Вламываются в квартиру одной семьи. В момент ограбления дома только хозяйка, ей около сорока, но уже видны первые признаки увядания, она смотрит какой-то сериал по телевизору. Взломщики — молодые и с виду нормальные парни — не ожидали, что в это время в доме кто-то есть, но они быстро понимают, что к чему. К тому же женщина и без того достаточно напугана. Она сама достает деньги из гардероба в спальне. Не сопротивляется, когда ее заставляют снять серьги и кольца. И обручальное тоже? И обручальное. Она снимает его с большим трудом, оно почти вросло в палец. Вдруг, когда те решают вынести телевизор — сериал между тем еще не кончился, — женщина вцепляется в него изо всех сил. Впервые повышает голос, умоляет взять что угодно взамен, но только не трогать телевизор. Остается стоять вот так, спиной к двум мужчинам, прижавшись грудью к экрану, — она уже готова на все. Оттолкнуть ее было раз плюнуть, но взломщиков на миг смущает ее внезапная реакция. Она чувствует их колебание и двусмысленно заявляет, что они могут делать с ней что угодно, лишь бы не трогали телевизор. Сделка заключена. Мы будем тебя трахать, говорит один из них. Она не шевелится. Они ловко задирают ей юбку. Никакой реакции. Ее задница все еще упругая. Первый кончает быстро. Второй возится чуть дольше. Женщина вцепилась в телевизор и стоит как вкопанная. Только однажды просит их поторопиться, потому что дети должны вернуться из школы. Это как будто окончательно парализует второго, и они вдвоем в спешке покидают квартиру. Сериал закончился. Женщина с облегчением отпускает телевизор и идет в ванную.

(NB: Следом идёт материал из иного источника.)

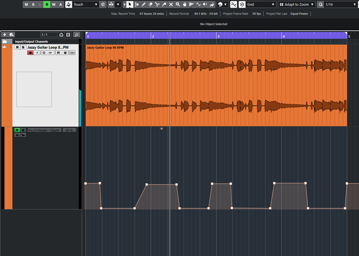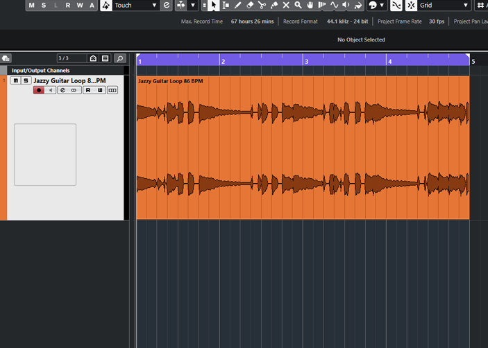 First open a new project with a tempo of 86 BPM. Load the enclosed wave file Jazzy Guitar Loop 86 BPM into the project on Bar 1. This will automatically create a stereo audio track. Then, select the four bars of the audio event in the locator area and then activate the loop function.

Интересно, как же закончатся 90-е годы — как триллер, боевик, мрачная комедия или как мыльная опера.
От редактора
Вот история этой истории.
Я как редактор столичной литературной газеты получил тетрадку. Она лежала в большом самодельном конверте, отправленном в редакцию на мое имя. На конверте не было обратного адреса, клей вытек наружу и засох. Признаюсь, я распечатал письмо с чувством легкой брезгливости, которое так и не развеялось, когда я вынул оттуда тетрадку — около восьмидесяти страниц, изрядно потрепанных, густо испещренных мелким почерком с обеих сторон. Подобные рукописные послания никогда не предвещают ничего хорошего для редактора. Их авторы, чаще всего навязчивые старикашки, появляются на горизонте по прошествии нескольких дней и спрашивают, подписан ли к печати их труд, естественно, труд всей жизни. По опыту мне было известно, что, если сразу не пресечь их настойчивость и доброжелательно сказать, что рукопись еще не читают в редакции, они будут осаждать тебя каждую неделю, как усталые воины, решившие биться до победного конца. И хотя их конец был не за горами, постукивание палочек по лестницам редакции заставляло меня материться, как грузчик.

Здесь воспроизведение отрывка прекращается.